Implementation:Huggingface Datatrove ExactSubstringDedup
| Knowledge Sources | |
|---|---|
| Domains | Data Deduplication, NLP |
| Last Updated | 2026-02-14 17:00 GMT |
Overview
The exact substring deduplication module implements a three-stage pipeline (ESDatasetToSequence, ESMergeSequences, ESRangeRemover) that removes duplicated substrings within documents using suffix arrays, following the methodology from "Deduplicating Training Data Makes Language Models Better" (arXiv:2107.06499).
Description
Unlike whole-document deduplication, exact substring deduplication identifies and removes duplicated passages that appear within documents. This is the most precise form of deduplication available, catching shared boilerplate text, copied paragraphs, and repeated passages that would survive document-level dedup.

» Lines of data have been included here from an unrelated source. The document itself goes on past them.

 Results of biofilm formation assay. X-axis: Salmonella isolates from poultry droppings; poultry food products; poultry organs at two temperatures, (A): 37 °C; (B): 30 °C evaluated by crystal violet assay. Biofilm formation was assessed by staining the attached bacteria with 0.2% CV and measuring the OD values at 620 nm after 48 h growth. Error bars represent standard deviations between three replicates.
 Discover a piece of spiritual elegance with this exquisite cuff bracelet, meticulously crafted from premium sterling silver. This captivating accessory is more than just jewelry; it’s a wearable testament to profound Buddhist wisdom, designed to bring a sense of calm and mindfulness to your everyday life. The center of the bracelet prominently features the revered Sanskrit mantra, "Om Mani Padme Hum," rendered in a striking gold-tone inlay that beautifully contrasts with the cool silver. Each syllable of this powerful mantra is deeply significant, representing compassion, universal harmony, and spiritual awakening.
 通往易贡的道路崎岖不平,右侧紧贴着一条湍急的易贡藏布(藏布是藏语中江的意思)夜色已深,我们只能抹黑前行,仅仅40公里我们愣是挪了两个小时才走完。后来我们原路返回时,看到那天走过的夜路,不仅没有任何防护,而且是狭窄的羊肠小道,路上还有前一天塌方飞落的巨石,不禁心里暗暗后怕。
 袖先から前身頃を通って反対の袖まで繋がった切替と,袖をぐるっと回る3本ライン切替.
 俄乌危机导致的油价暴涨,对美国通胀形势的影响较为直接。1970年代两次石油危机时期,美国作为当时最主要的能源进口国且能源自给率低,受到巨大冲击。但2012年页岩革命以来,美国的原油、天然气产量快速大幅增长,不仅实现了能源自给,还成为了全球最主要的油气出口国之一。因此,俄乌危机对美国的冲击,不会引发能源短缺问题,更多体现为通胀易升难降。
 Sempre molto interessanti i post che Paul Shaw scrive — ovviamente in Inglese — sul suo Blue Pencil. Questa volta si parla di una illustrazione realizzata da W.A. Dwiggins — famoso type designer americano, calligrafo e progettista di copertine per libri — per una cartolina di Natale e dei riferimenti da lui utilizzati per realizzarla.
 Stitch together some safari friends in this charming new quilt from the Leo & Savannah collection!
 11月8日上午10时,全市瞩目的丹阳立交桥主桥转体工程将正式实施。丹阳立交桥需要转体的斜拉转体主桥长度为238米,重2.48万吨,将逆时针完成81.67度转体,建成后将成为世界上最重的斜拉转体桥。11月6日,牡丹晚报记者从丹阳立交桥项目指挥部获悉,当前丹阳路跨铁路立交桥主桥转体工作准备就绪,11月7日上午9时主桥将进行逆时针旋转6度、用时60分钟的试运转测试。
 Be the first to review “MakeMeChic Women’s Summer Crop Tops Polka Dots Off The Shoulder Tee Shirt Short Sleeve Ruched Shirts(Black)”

ESDatasetToSequence (Stage 1) tokenizes each document using a HuggingFace tokenizer, prepends a unique 12-byte separator (containing rank and doc ID markers), and writes the token bytes as a binary sequence file. It also writes a companion sizes file recording the byte length of each document's sequence.
ESMergeSequences (Stage 2) concatenates all per-rank sequence files into a single large binary sequence and records cumulative byte offsets per file. This merged sequence is then processed by an external Rust tool (deduplicate-text-datasets) which builds a suffix array and identifies duplicate byte ranges.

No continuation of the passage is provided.